Defence Secretary Gotabhaya Rajapaksa has told United Nations Human Rights Commissioner Navi Pillay that the United States of America had no moral right to move a resolution targeting Sri Lanka at the United Nations Human Rights Commission (UNHRC) in Geneva.

The Defence Secretary pointed out the irrationality in the US action in the wake of atrocities committed by its forces in various parts of the world. The US twice moved resolutions in Geneva condemning Sri Lanka after an abortive Canadian bid to humiliate the country.

The Defence Secretary met the UN delegation, headed by Pillay, at the Defence Ministry on Friday.

Asked whether Pillay had responded, the Defence Secretary said that the UN delegation remained silent. "Obviously, Pillay couldn’t have endorsed my criticism of US action, though the entire world knew of death, destruction and instability caused by the super power," he said.

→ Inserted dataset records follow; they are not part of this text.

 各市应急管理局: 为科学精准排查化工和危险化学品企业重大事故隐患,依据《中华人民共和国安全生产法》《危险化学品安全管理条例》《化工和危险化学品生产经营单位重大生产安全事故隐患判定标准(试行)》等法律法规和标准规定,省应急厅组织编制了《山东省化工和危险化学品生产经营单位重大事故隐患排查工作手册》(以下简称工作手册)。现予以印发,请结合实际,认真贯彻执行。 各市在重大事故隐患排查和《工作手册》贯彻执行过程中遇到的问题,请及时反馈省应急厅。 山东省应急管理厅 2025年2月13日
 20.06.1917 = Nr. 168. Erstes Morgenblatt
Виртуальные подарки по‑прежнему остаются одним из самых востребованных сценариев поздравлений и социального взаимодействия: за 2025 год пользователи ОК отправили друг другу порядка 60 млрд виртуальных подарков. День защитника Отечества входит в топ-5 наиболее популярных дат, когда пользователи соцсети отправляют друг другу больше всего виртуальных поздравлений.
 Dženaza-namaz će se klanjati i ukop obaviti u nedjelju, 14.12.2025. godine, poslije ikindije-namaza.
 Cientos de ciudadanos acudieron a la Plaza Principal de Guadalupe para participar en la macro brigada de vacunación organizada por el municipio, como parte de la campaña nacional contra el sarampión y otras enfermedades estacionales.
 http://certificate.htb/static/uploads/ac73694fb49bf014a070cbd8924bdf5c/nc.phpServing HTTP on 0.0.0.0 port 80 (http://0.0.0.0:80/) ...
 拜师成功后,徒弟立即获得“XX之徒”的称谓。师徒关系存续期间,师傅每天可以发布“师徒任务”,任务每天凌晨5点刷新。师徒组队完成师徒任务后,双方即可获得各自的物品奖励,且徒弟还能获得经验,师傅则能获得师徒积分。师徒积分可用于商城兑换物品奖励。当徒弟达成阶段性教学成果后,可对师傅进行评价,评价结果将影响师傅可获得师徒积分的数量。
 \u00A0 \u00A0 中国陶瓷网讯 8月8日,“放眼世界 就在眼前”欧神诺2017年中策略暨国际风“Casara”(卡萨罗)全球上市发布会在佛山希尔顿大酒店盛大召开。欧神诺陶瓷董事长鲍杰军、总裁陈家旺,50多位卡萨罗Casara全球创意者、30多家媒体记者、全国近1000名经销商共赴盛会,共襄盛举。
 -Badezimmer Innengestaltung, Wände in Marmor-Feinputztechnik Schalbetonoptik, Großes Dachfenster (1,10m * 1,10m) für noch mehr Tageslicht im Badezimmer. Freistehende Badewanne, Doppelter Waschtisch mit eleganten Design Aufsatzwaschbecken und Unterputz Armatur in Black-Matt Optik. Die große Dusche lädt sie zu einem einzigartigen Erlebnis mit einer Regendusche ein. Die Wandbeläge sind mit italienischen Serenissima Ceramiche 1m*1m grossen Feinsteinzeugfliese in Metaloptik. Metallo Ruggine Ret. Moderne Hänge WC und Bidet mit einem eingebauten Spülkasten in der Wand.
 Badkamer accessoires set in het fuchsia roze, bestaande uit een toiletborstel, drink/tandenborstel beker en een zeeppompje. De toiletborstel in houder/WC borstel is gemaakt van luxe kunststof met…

The Defence Secretary said that Pillay’s silence reflected the difficulties experienced by the UNHRC in dealing with atrocities committed by US-led Western powers. The bottom line was that Pillay would remain as UN rights chief as long as she didn’t antagonise the US, the Defence Secretary said.

Whatever the criticism of the government inviting the UN rights chief to visit the country, the week-long visit would have definitely helped Pillay to realise the ground situation, the Defence Secretary said. In fact, Pillay’s visit facilitated government efforts to dispel intense propaganda which depicted the Northern and Eastern Provinces as ‘closed military zones’ even four years after the conclusion of the conflict, Rajapaksa said.The Defence Secretary said that visiting foreign dignitaries had been misled by those working overtime to destabilise the country. "During our meeting at the Defence Ministry, the UN Human Rights commissioner alleged that the government had removed road blocks in the Northern Region just ahead of her visit. She was convinced the government would temporarily do away with road blocks during a visit. Obviously, she was misled by the UN mission here or those who had met her here. I told her there was absolutely no need to do that. In fact, the number of road blocks should have increased during VIPs’ visits to guarantee their security."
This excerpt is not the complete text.